Earlier this year, researchers at Google DeepMind defeated the world's best Go player with the help of their latest artificial intelligence, AlphaGo.
It was an unexpected victory that shocked the DeepMind team as much as it did viewers, and one that raised another question: how would an AI fare on the digital battlefields of professional gaming?
AlphaGo creator Demis Hassabis, who you might remember as the dev responsible for co-designing and programming Bullfrog's Theme Park alongside Peter Molyneux, might be about to give us an answer.
Back in 2011, Hassabis made it clear he'd like to pit a pro StarCraft player against one of DeepMind's uber-competitive AIs, and it was a message Google repeated after AlphaGo's latest win.
So, could an AI actually beat the world's best and brightest StarCraft players?

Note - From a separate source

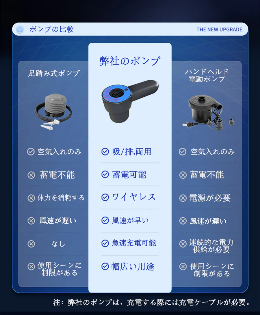 3.当社の充気ポンプ:充気・抽気両用が可能で、蓄電機能があり、ハンドフリーで利用できます。風速調整が可能で、充気速度が速いです。使用シーンに制限がありません。

According to the Wall Street Journal -- which picked the brains of leading AI experts -- maybe; but only if we can teach an AI to lie convincingly.

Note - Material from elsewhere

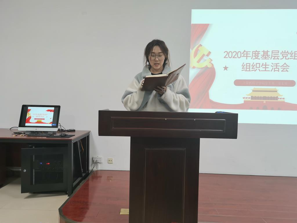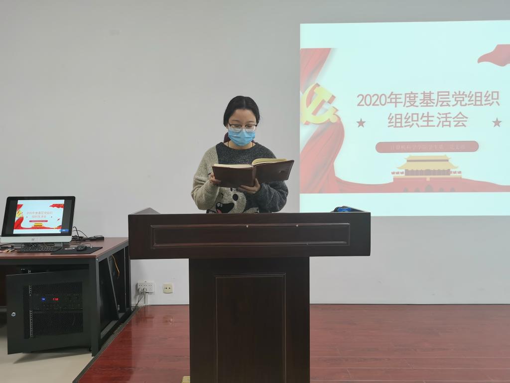 会议的最后,陈子桐总结了本次会议并对党支部工作进行述职汇报。2020年党支部工作存在问题主要是支部自身建设计划性不强和支部活动较难开展,针对相应问题,支部提出了具体有效的改进措施,也对之后的学习任务进行强调,要继续深入学习贯彻习近平新时代中国特色社会主义思想;增强党支部的政治功能;深入严明党的政治纪律政治规矩;推进各项高质量任务落实落地。总结陈述得到了与会党员的一致认可,本次会议顺利结束。

"When the AI finds that the only way to win is to show strength, it will do that,” said University of Alberta computer scientist, David Churchill, speaking to the WSJ. "If you want to call that bluffing, then the AI is capable of bluffing, but there’s no machismo behind it.
“In the past we have seen the human world champions of checkers, chess, and Go say that they will not be defeated by computers, and each time they were wrong,” he says. "It would be foolish to assume that StarCraft, even though it is a much more complex game, is any different.”
The players themselves, however, remain skeptical, and 22 year old StarCraft pro, Eugene Kim, has suggested it would be amazing to see an AI even try and bluff its way to victory, let alone succeed.
As for Blizzard, custodians of the classic strategy franchise, they're as keen as the rest of us to find out what would happen.
In fact, company co-founder Michael Morhaime has already been in touch with Google about setting up what would be the ultimate man vs. machine grudge match, while Facebook and Microsoft are also working behind-the-scenes on unspecified StarCraft AI projects.
“We would love to be a milestone on that advance of artificial intelligence, said Morhaime. "From chess to Go and then us."